Dataset excerpts:
****************************************

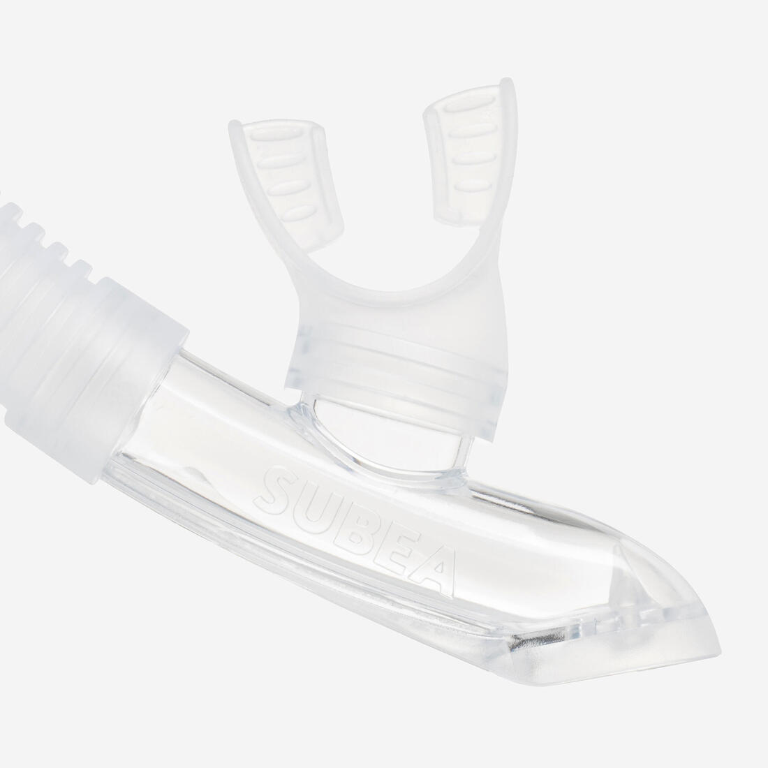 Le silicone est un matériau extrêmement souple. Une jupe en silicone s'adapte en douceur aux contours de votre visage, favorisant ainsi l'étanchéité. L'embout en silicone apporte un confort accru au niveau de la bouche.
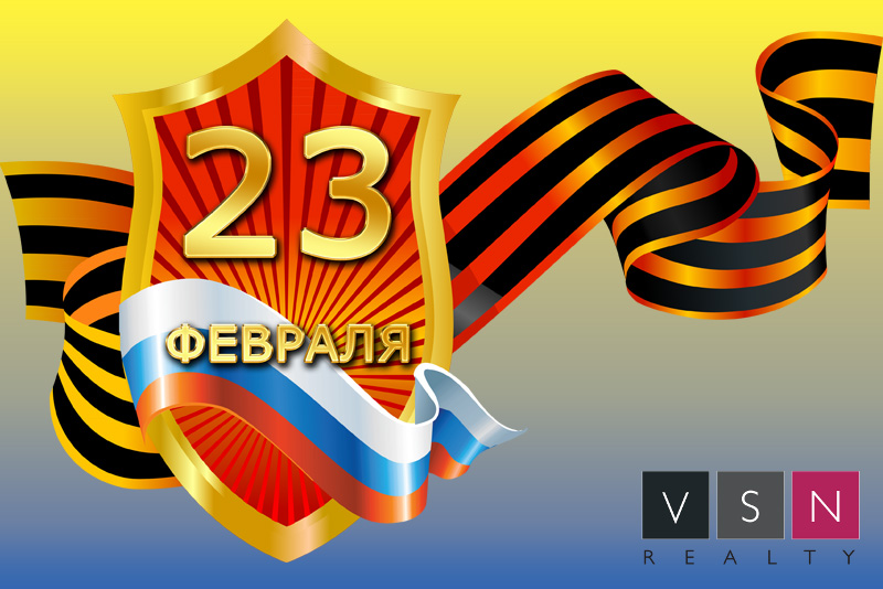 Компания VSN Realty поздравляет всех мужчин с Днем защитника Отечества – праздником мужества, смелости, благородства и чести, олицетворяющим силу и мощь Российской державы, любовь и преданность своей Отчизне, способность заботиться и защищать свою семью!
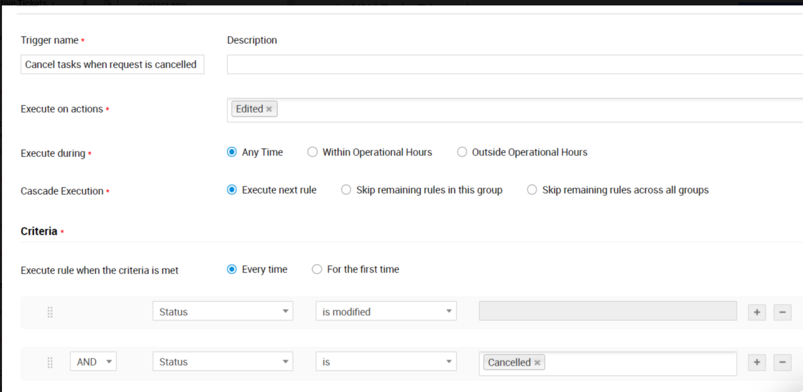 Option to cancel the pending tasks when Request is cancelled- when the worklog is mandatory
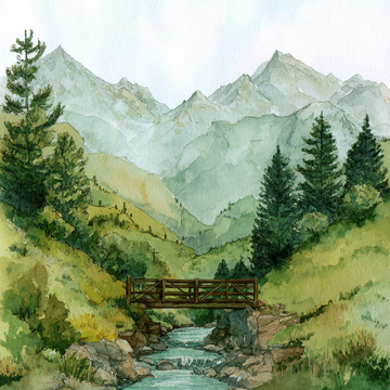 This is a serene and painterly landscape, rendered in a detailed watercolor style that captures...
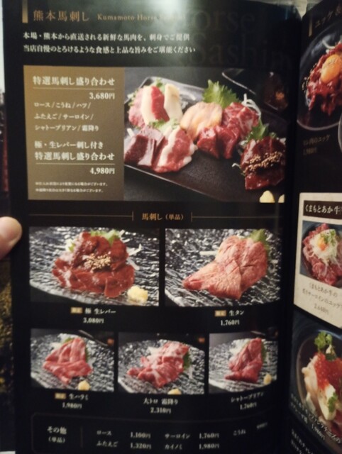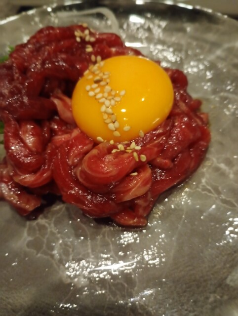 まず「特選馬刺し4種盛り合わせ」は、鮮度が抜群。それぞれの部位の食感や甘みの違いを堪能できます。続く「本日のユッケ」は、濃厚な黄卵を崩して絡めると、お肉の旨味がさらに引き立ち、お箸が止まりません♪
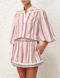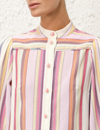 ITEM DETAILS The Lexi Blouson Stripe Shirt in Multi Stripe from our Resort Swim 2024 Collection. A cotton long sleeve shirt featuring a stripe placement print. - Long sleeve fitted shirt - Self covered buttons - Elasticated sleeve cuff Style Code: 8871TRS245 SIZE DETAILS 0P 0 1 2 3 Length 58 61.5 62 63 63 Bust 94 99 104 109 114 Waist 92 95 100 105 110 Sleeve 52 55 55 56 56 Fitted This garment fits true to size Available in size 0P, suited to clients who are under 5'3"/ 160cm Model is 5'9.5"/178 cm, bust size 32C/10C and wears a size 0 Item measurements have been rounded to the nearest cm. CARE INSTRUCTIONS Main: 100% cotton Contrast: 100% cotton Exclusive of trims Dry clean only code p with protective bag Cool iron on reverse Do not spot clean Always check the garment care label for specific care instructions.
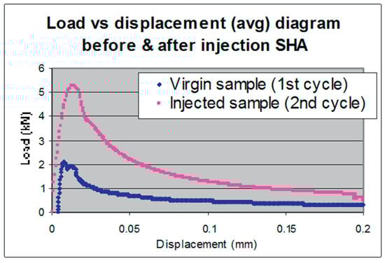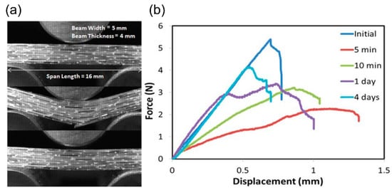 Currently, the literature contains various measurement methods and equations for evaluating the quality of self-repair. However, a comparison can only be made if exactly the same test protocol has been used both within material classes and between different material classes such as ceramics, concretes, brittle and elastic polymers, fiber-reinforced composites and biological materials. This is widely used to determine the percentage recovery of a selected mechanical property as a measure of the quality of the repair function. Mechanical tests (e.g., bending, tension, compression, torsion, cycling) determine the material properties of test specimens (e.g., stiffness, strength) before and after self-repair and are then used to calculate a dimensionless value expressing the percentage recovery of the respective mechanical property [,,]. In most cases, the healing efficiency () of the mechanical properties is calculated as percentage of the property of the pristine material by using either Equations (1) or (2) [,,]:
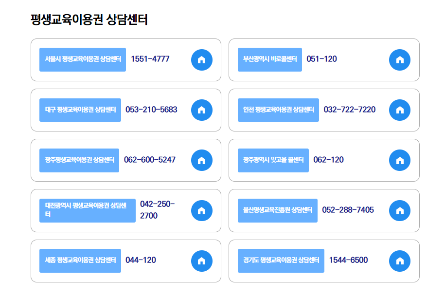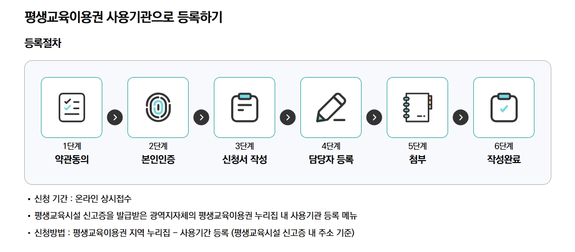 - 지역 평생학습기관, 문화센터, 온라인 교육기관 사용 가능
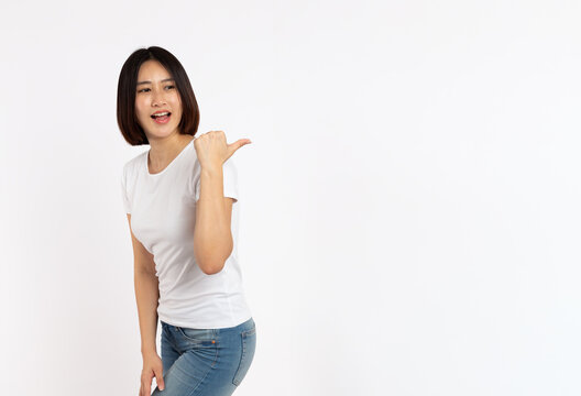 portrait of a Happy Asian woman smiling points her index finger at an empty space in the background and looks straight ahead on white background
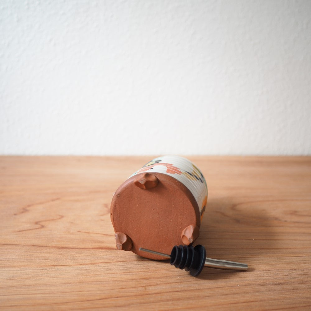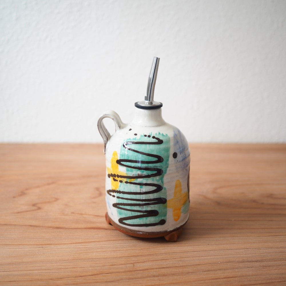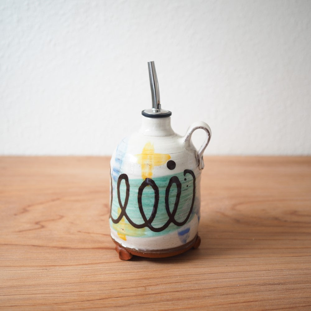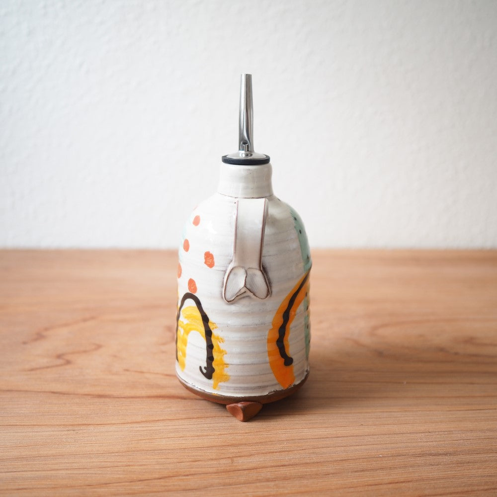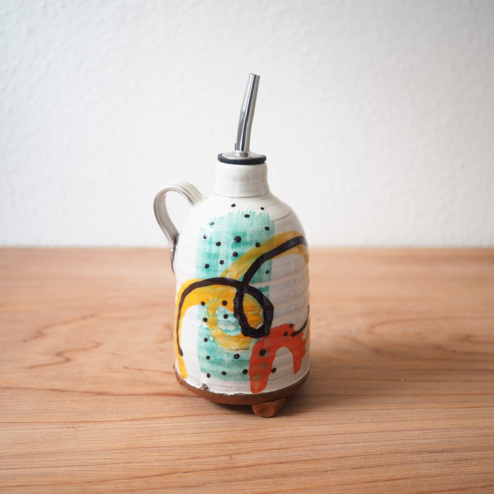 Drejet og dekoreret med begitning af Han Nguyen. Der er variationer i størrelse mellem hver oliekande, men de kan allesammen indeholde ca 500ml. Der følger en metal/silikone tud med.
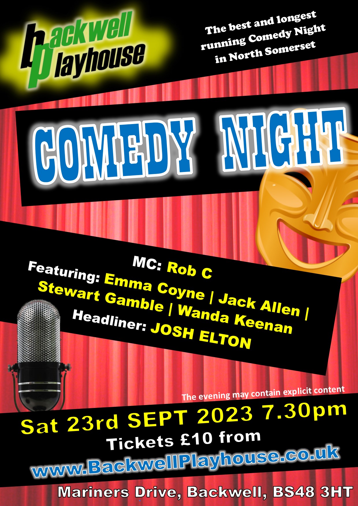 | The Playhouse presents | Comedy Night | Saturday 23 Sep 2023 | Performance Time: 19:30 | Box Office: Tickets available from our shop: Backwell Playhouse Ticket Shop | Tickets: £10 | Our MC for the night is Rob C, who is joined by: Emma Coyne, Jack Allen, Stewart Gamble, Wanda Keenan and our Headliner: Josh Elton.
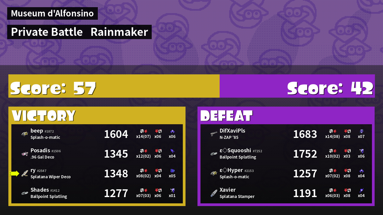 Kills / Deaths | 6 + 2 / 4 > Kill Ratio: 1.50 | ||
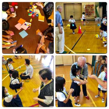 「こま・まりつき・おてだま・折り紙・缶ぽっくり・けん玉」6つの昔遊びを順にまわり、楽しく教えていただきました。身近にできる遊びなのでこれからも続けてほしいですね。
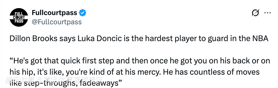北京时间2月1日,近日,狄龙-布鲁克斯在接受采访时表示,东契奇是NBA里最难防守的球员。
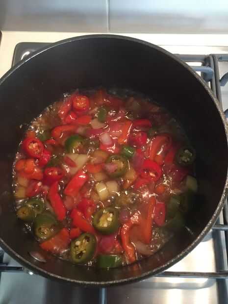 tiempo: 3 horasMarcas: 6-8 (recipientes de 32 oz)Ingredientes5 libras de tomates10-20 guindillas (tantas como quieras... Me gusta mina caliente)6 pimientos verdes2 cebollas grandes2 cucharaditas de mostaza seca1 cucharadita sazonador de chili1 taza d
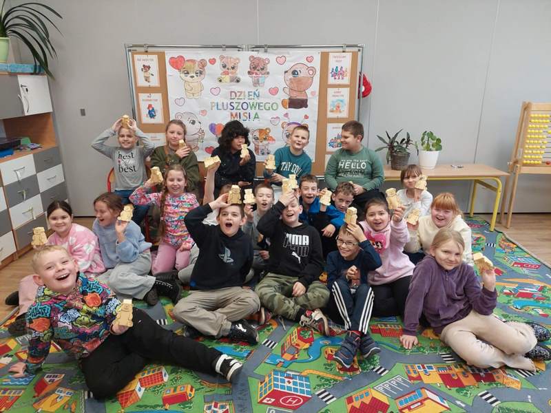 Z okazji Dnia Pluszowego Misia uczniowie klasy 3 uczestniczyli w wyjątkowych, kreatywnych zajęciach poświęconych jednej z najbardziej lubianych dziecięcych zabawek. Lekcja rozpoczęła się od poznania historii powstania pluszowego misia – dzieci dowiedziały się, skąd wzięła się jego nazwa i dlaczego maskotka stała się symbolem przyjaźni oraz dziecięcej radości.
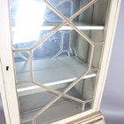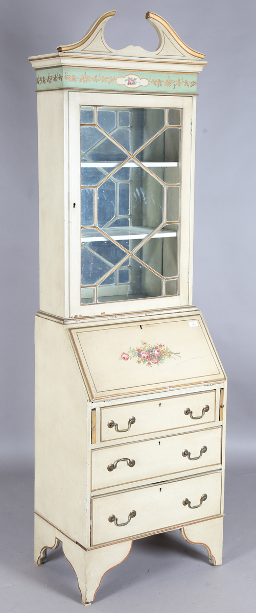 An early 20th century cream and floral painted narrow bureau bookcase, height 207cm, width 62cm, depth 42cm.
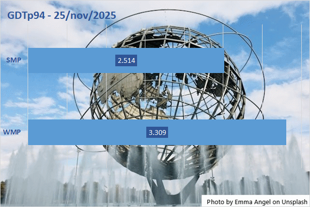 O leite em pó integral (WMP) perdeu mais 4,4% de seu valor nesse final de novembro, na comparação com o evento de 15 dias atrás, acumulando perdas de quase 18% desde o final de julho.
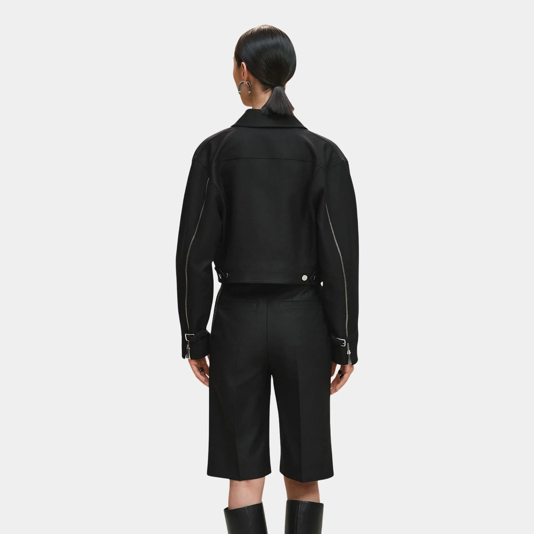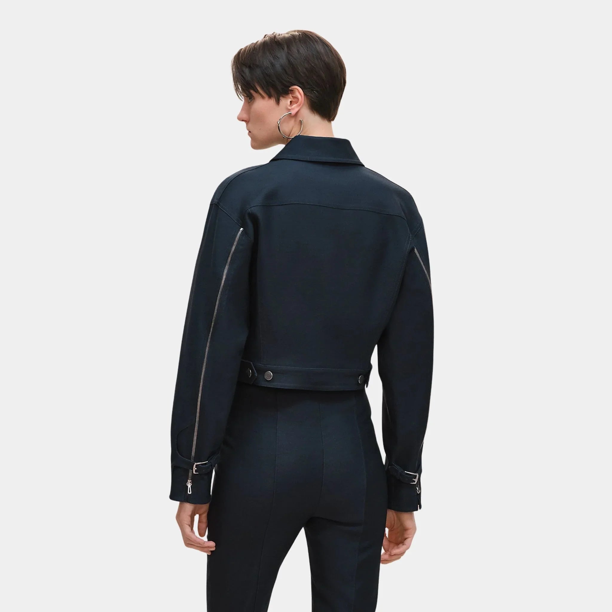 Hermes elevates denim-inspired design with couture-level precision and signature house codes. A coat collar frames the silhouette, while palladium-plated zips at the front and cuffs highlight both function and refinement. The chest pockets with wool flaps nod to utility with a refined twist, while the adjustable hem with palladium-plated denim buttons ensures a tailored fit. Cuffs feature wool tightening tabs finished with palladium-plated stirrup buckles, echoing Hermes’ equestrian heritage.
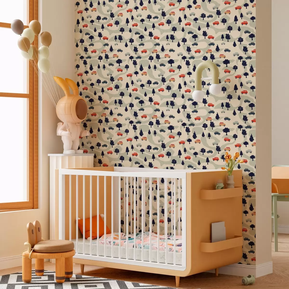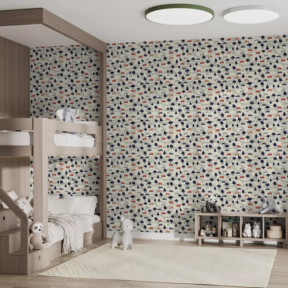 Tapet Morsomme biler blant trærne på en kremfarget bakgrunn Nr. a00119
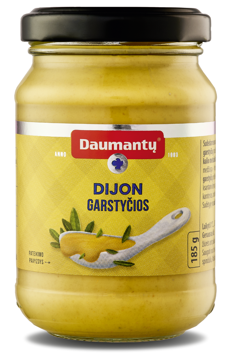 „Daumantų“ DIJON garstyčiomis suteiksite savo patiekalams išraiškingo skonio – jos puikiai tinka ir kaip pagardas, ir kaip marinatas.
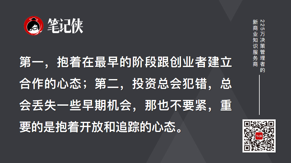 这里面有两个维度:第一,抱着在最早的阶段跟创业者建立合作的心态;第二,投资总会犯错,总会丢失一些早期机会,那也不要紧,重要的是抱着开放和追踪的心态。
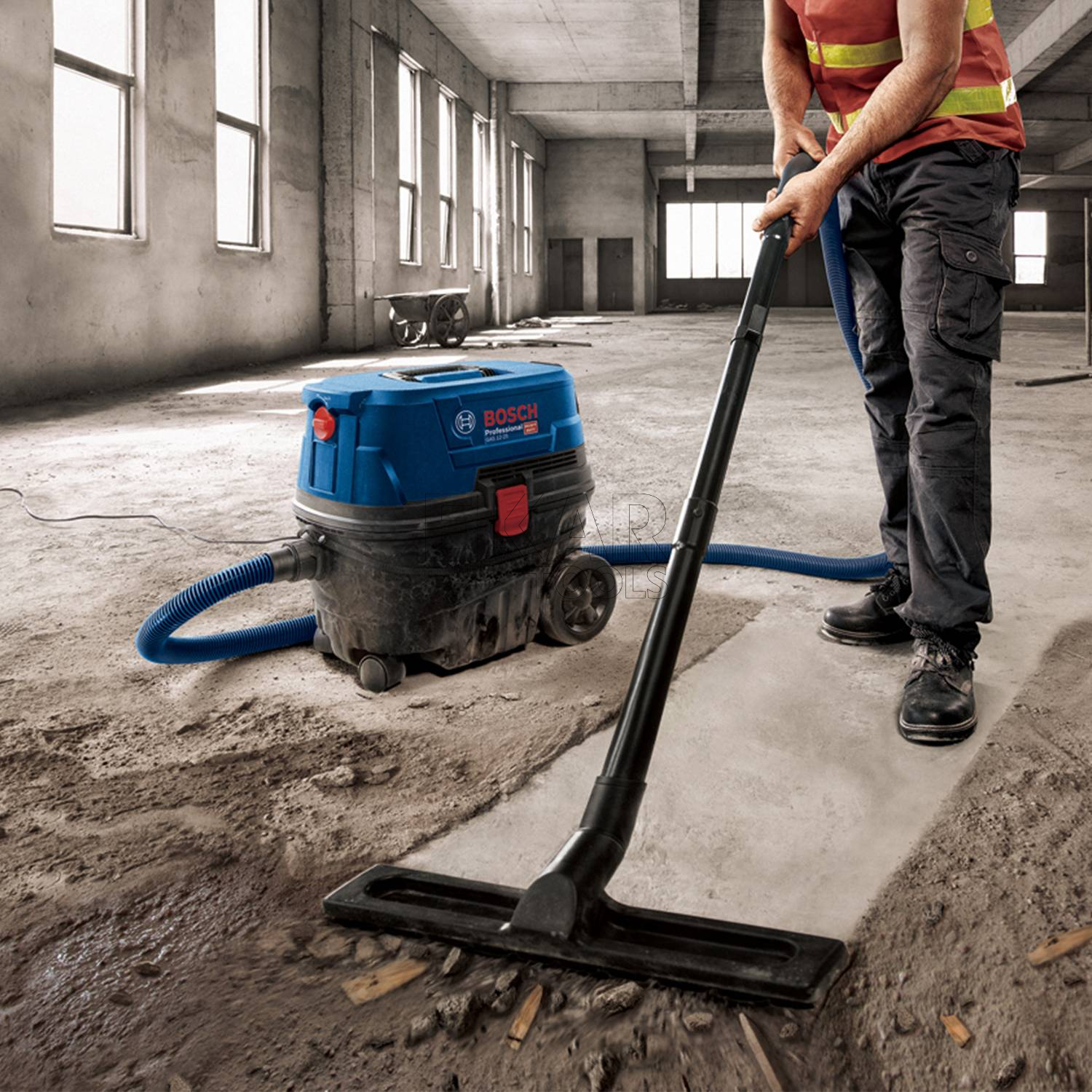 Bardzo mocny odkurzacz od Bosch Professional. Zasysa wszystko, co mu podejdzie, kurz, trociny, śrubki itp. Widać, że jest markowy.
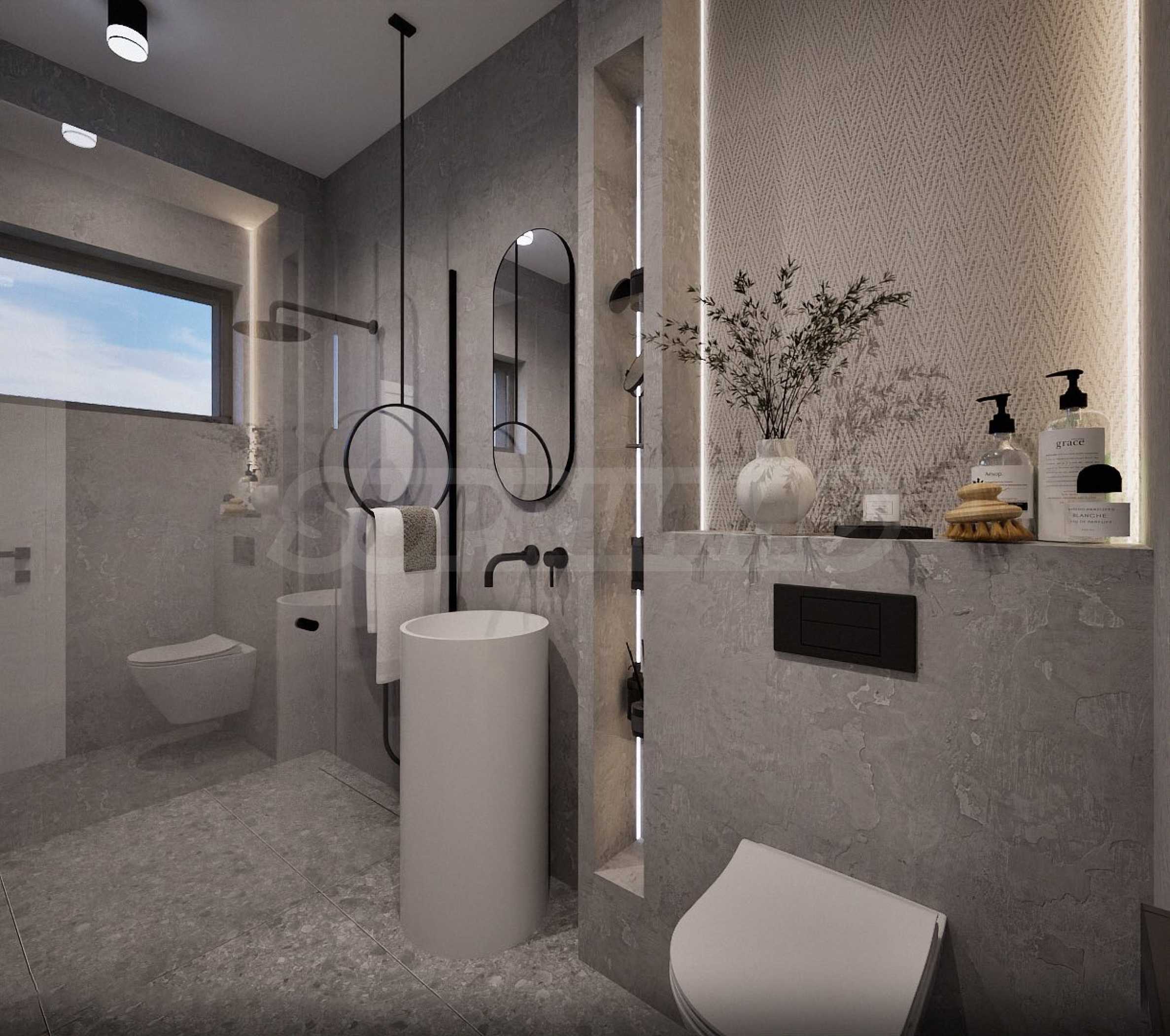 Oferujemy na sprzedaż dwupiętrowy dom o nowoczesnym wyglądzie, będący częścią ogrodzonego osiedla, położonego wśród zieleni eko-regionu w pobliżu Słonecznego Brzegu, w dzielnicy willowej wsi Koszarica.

****************************************

In the reply, give again exactly the lines from the beginning of the entries above through the line with "まず「特選馬刺し4種盛り合わ"; pictures stay out.

 Le silicone est un matériau extrêmement souple. Une jupe en silicone s'adapte en douceur aux contours de votre visage, favorisant ainsi l'étanchéité. L'embout en silicone apporte un confort accru au niveau de la bouche.
 Компания VSN Realty поздравляет всех мужчин с Днем защитника Отечества – праздником мужества, смелости, благородства и чести, олицетворяющим силу и мощь Российской державы, любовь и преданность своей Отчизне, способность заботиться и защищать свою семью!
 Option to cancel the pending tasks when Request is cancelled- when the worklog is mandatory
 This is a serene and painterly landscape, rendered in a detailed watercolor style that captures...
 まず「特選馬刺し4種盛り合わせ」は、鮮度が抜群。それぞれの部位の食感や甘みの違いを堪能できます。続く「本日のユッケ」は、濃厚な黄卵を崩して絡めると、お肉の旨味がさらに引き立ち、お箸が止まりません♪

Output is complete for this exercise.